Task to complete. Pictures stay out of the copy. Repeat exactly the lines from the first entry below through the line that contains "作品「REASON OR DESIRE.」で登場するライオンを元にデザインされたキャップ。", and nothing beyond.

Data extracted from a collection:
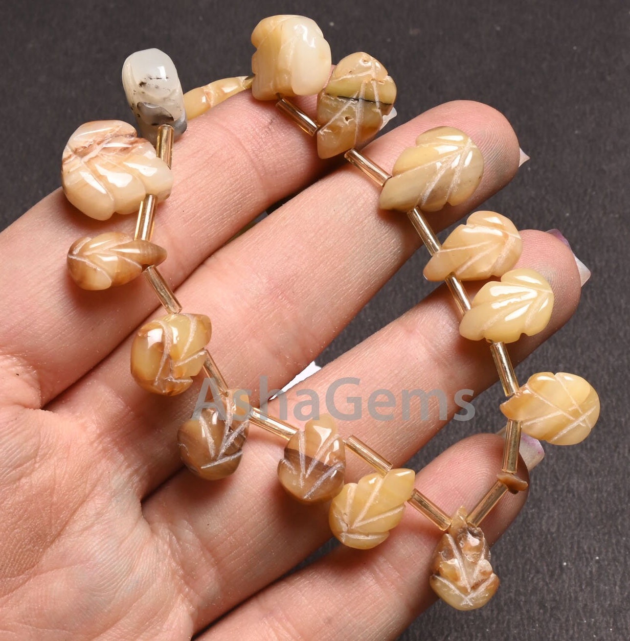 Natural Bio Opal Carving Pears Handmade beads,8" Shaded Yellow Opal carved Pears Uneven shape Carve Gemstone Opal beads Jewelry making Craft
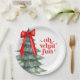 Plaques de fête de Noël avec arbre de Noël et arc rouge. Oh quel plaisir !
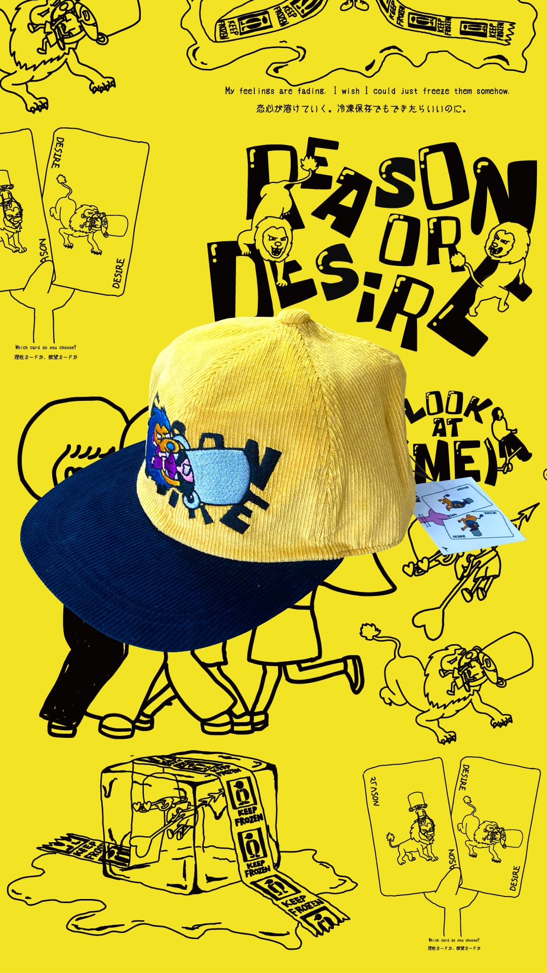 作品「REASON OR DESIRE.」で登場するライオンを元にデザインされたキャップ。
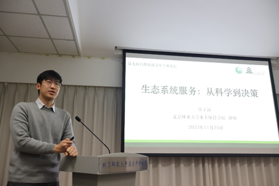 青年学术论坛分别由徐同仁教授和吴秀臣教授主持。河南大学教授谢遵义、中国科学院青藏高原研究所研究员田向军以及北京林业大学教师徐子涵分别进行了题为“遥感大数据技术在生态环境保护与可持续发展中的应用” “EnKF 与 4DVar 在竞争中融合:NLS-DVar”以及“生态系统服务:从科学到决策”的特邀报告,报告内容涉及遥感大数据与生态保护、大数据背景下的资料同化、生态系统服务等方面。与会师生围绕报告内容进行了积极的讨论和充分的交流,现场气氛活跃。
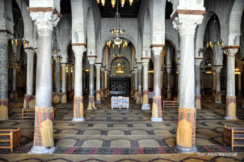 Do sali modlitewnej, zwieńczonej wielką kopułą wchodzi się przez rzeźbione drewniane drzwi z 1829 roku. Sala modlitewna złożona jest z siedemnastu naw podtrzymywanych przez 414 starożytnych kolumn marmurowych i porfirowych sprowadzonych z Kartaginy i Susy. Sala jest oświetlona żyrandolami, a na posadzce rozścielone są dywany. Główny korytarz prowadzi do kaflowej niszy modlitewnej z IX wieku. Płytki z niszy, jak i drzewo, z którego zbudowany został minbar, pochodzą z Bagdadu. Wewnątrz świątyni znajdują się również groby lokalnych świętych.
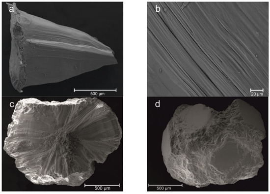 The study of hair-like inclusions on fresh chips of the Ural demantoid grains under an electron scanning microscope showed very interesting results. Even the seemingly monocrystal andradite (see Figure 5) had an aggregate structure. When crushing such a crystal, many fragments were cone-shaped (Figure 9a) with thin longitudinal grooves and knolls. Note also the transverse irregularities (steps) enveloping the cone, which are characteristic of the induction surfaces of crystals. The longitudinal section of “horsetail” inclusions is shown in Figure 9b: many subparallel grooves of different lengths and depths were observed; there were split and relatively short grooves which disappeared in both directions.
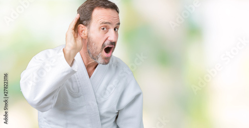 Handsome middle age senior man wearing kimono uniform over isolated background smiling with hand over ear listening an hearing to rumor or gossip. Deafness concept.
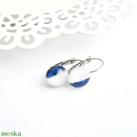 Fehér és kék Dichroic üveg kapcsos fülbevaló

Answer for the task.
 Natural Bio Opal Carving Pears Handmade beads,8" Shaded Yellow Opal carved Pears Uneven shape Carve Gemstone Opal beads Jewelry making Craft
 Plaques de fête de Noël avec arbre de Noël et arc rouge. Oh quel plaisir !
 作品「REASON OR DESIRE.」で登場するライオンを元にデザインされたキャップ。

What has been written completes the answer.